I could find ways to cope with his frequent long absences. He always wrote to me while he was travelling and I wrote back, every day. Hundreds of thousands of precious words, each one a crumb on the trail that would eventually lead him back to me.
I could find a way to cope with the editors who rejected my proffered articles but would virtually go down on bended knee to ask Tom for some of his prose writing. I couldn’t promise not to grumble about it, but I would cope. There was a perverse pleasure in knowing that occasionally he used some of my writing, sometimes entire paragraphs from my columns (with permission), in the material he would offer to those grateful editors.
I could find a way to cope when I became invisible in his company, when the new people we met together became focused on keeping his attention and forgot to include me in the conversation. I understood the deep pleasure of winning his attention.
I could find a way to cope with the daily email inquiries from correspondents wanting me to forward their requests directly to Tom so they didn’t have to run the gauntlet of his manager. I knew I wasn’t his personal assistant, even if they didn’t.
I could find a way to cope with his multitudinous fans and their autograph-‐hunting, photograph-‐taking presence in our lives. Even the obsessed ones who sent me emails describing me as ‘Beyond Disgusting’ and a ‘Bitch Prostitute’ and threatening me with a ‘Bloodbath’ for my ‘Mountain of Faults’. I deleted their emails and told myself I was glad not to be living in their skin.
And I could even find a way to cope (just) when he took the morsels of grief I shared with him in the dark and turned them into songs.
But unless Tom gave up using heroin and fucking other women, I couldn’t feel safe. The choice was his: them or me.
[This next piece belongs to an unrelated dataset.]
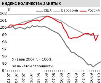 В странах с более развитыми институтами, гибкими условиями труда мы уже увидели существенное повышение производительности труда. В Соединенных Штатах Америки этот показатель в 2009 году увеличился на 2,5 п. п. В Европе занятость сократилась примерно на 1,8%, ВВП уменьшился приблизительно на 3,8%. Мы видим, что протекционистские меры европейских правительств привели к тому, что в общем производительность экономики, к сожалению, упала. Примерно такой же тренд мы наблюдаем в российской экономике — при падении ВВП примерно на 7,2 п. п. за прошлый год, сокращении занятости на 2 п. п., в целом производительность труда не выросла.

He had been reluctant. By all accounts a needle full of heroin feels pretty good. I had never wanted to find out for myself. As for fucking other women, it wasn’t a moral thing for me. I understood the pleasures of wanting and being wanted.
There had been that one time, towards the end of an earlier relationship, the one-‐off that becomes the beginning of the end. Forbidden pleasures often turn out to be so much less pleasurable than you anticipate. Once you’ve broken the rules and gotten away with it, though, it can be hard to find a reason not to break them again. ‘Don’t pull on a thread’, my grandmother Peg used to tell me. ‘The whole thing could come apart.’ And it had. That’s when I realised I had to be monogamous. To stop things unravelling.
Of course I understood that charismatic Self-‐and-‐Other people usually get a lot of offers and that famous charismatic Self-‐and-‐Other people like Tom probably get more offers than they can poke a stick at. But it wasn’t something I could live with. I offered to walk away, no hard feelings, if Tom preferred those pleasures to being with me.
Eventually Tom had agreed, on both counts. Heroin had been killing too many of his friends lately. As for monogamy, he consoled himself out loud with the quote attributed to
the actor Paul Newman: ‘Why go out for hamburgers when you’ve got steak at home?’ Even if the feminist in me winced at the raw meat comparison, it was at least some kind of ‘positive evaluation’.
But after all our time apart in recent months, the old itch of anxiety had resurfaced. It had to be scratched. Over my birthday dinner at a country hotel I posed the question: ‘Monogamy’s not so bad after all, is it?’
It was a rhetorical question. We were the lucky ones, the ones who had found each other. Found ourselves-‐in-‐another. Tom looked away for a moment then smiled and took my hand across the table. ‘You needn’t worry’, he said. ‘I am true to you. You make monogamy a good place to be.’